ДЕЦИЙ. Требоний просит прочесть сие его смиренное прошение.
АРТЕМИДОР. О Цезарь! прочти мое прежде! мое более до тебя касается; прочти его, великий Цезарь!
ЦЕЗАРЬ. Что до меня касается, то может быть прочтено после.
АРТЕМИДОР. Не откладывай, Цезарь; прочти скорее.
ЦЕЗАРЬ. Что! разве ты сумасшедший?
ПУБЛИЙ. Поди прочь!
ЦЕЗАРЬ. Для чего приступаете вы с прошениями вашими ко мне на улице? Подите в Капитолию.
(Цезарь входит в Капитолию;
прочие идут за ним.)
ПОПИЛИЙ
(К Кассию)
Я желаю, чтобы нынешнее ваше предприятие счастливо совершилось.
КАССИЙ. Какое предприятие, Попилий?
ПОПИЛИЙ. Прости.
БРУТ. Что сказал тебе Попилий Лена?
КАССИЙ. Он желал, чтобы нынешнее предприятие наше счастливо кончилось.
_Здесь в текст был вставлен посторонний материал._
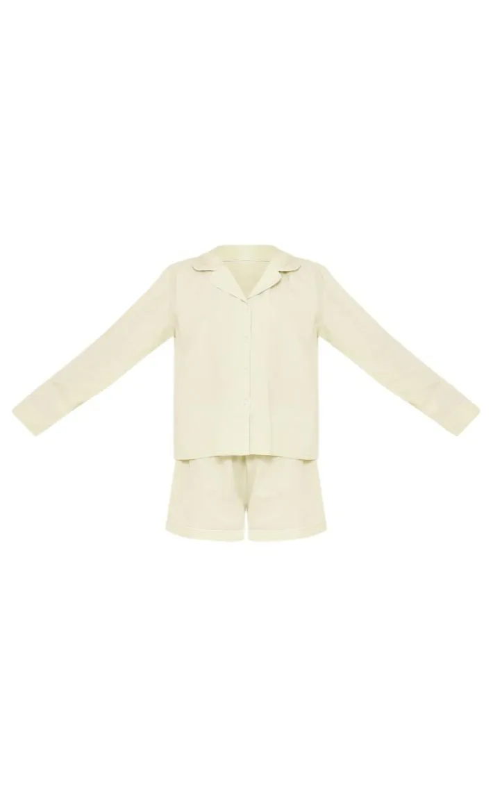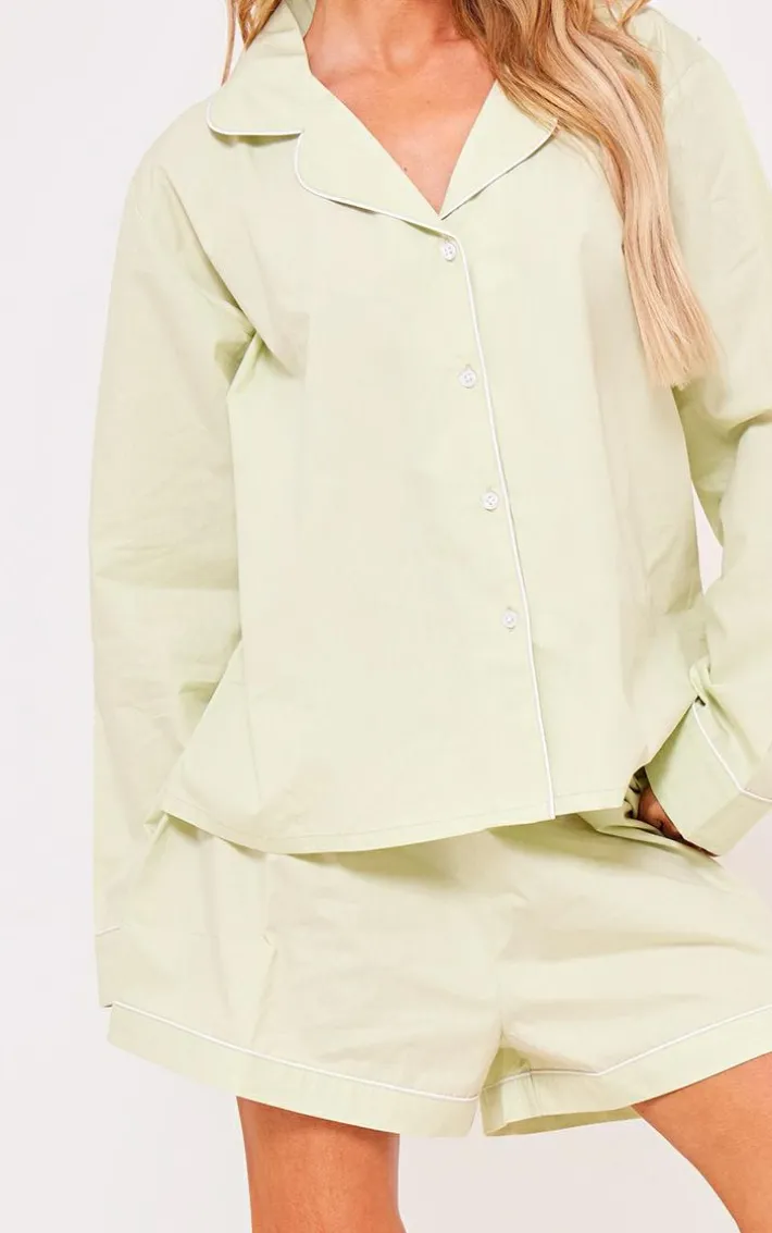 Get ready to add some dreamy pastel hues into your pajama collection with this sage green cotton poplin piping long sleeve shirt and short pj set. This set includes a long sleeve shirt and matching pj shorts, both in a sage green cotton poplin material with piping detailing, how can you not fall in love? Simply add fluffy slippers for the perfect night in look.
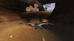The Quetzalcoatlus handles very simply during flight mode: it flies forward at all times and can be turned on both the x- and y-axes. Left and right turns can be turned into something resembling a roll by pressing the dedicated roll left/right buttons/keys. The Quetzalcoatlus has the same amount of health as the player does on foot, and it can be killed nearly instantaneously by unfortunate collisions with level geometry.

Я страшусь, не открыт ли заговор наш?
БРУТ. Смотри, как он к Цезарю протирается. Примечай за ним.
КАССИЙ. Каска! поспеши; ибо мы страшимся, чтобы нас не предупредили. — Брут! что нам делать? Если намерение наше откроется, то либо Кассий, или Цезарь не выйдет из Капитолии: я сам себя умерщвлю.
БРУТ. Ободрись, Кассий! Попилий Лена говорит не о нашем предприятии; смотри, он смеется, и Цезарь не переменяется.
КАССИЙ. Требоний знает, когда будет время. — Видишь ли Брут, как он отводит Антония к стороне?
ДЕЦИЙ. Где Метелл Цимбер? Ему теперь пора подать Цезарю свое прошение.
БРУТ. Он уже готов. Подвиньтеся поближе и помогайте ему.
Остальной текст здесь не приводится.